ETF1100 BUSINESS STATISTICS 2019
Hello, dear friend, you can consult us at any time if you have any questions, add WeChat: daixieit
Semester Two 2019
ETF1100
BUSINESS STATISTICS – PAPER 1 OF 1
Question 1 (18 marks)
The Census data reports information about weekly incomes of households in the format shown in the
table below. This is data for single-parent households in Melbourne in 2016.
Income Range |
Number of Households |
Cumulative Number of Households |
Cumulative % of Households |
Negative/Nil income |
4,979 |
4,979 |
3.23% |
$1-$149 |
1,921 |
6,900 |
4.47% |
$150-$299 |
5,254 |
12,154 |
7.88% |
$300-$399 |
5,733 |
17,887 |
11.59% |
$400-$499 |
8,952 |
26,839 |
17.39% |
$500-$649 |
14,475 |
41,314 |
26.77% |
$650-$799 |
15,715 |
57,029 |
36.96% |
$800-$999 |
17,688 |
74,717 |
48.42% |
$1,000-$1,499 |
33,628 |
108,345 |
70.21% |
$1,500-$1,999 |
20,354 |
128,699 |
83.40% |
$2,000-$2,499 |
12,629 |
141,328 |
91.59% |
$2,500-$2,999 |
5,312 |
146,640 |
95.03% |
$3,000-$3,999 |
5,014 |
151,654 |
98.28% |
$4,000 or more |
2,654 |
154,308 |
100.00% |
Grand Total |
154,308 |
|
|
(a).
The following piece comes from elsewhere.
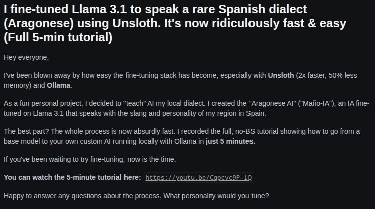 Π°ΠΊΠΎΠΌ - Π½Π°ΡΡΠΈΠ» Llama 3.1 Π³ΠΎΠ²ΠΎΡΠΈΡΡ Π½Π° ΡΠ΅Π΄ΠΊΠΎΠΌ Π°ΡΠ°Π³ΠΎΠ½ΡΠΊΠΎΠΌ Π΄ΠΈΠ°Π»Π΅ΠΊΡΠ΅! Π ΡΠ°ΠΌΠΎΠ΅ ΡΠ΄ΠΈΠ²ΠΈΡΠ΅Π»ΡΠ½ΠΎΠ΅ - Π²Π΅ΡΡ ΠΏΡΠΎΡΠ΅ΡΡ Π·Π°Π½ΡΠ» Π²ΡΠ΅Π³ΠΎ 5 ΠΌΠΈΠ½ΡΡ Ρ ΠΏΠΎΠΌΠΎΡΡΡ Unsloth ΠΈ Ollama. ΠΠ°ΡΠ΅Π½Ρ ΡΠΎΠ·Π΄Π°Π» "MaΓ±o-IA" - ΠΠ Ρ Ρ

If you want to calculate the mean weekly income for these households, what are some of the
problems you encounter when income is presented as a range? What approximations would you need to make? (2 marks)
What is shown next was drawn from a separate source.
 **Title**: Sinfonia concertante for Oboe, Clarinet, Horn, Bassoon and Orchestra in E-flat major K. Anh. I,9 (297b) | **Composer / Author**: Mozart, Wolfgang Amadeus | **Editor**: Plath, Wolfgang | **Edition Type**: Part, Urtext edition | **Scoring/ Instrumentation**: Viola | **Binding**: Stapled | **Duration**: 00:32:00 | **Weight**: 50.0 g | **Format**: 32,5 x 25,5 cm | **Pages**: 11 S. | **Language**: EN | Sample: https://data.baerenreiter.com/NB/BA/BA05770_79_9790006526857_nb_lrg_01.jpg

(b). Now we want to calculate the median income for these households.
i. What is the definition of the median? (1 mark)
ii. Based on the table above, describe how you would calculate the median income for these households. (2 marks)
iii. Give an approximate estimate for the median using the method outlined in the previous question. (1 mark)
(c). The mean for this data has been found to be approximately $1,302 per week. The median you found in part (b) should be somewhat smaller than the mean of $1,302. What does this tell us about the shape of the distribution of the data set? Give some intuition for why this shape produces a mean that is larger than the median? (3 marks)
The sample standard deviation of income across households has been calculated for this set of data and is $924.
i. Write down the formula for the sample standard deviation. (2 marks)
ii. Explain the sample standard deviation formula in words and how it measures the spread of the data. (3 marks)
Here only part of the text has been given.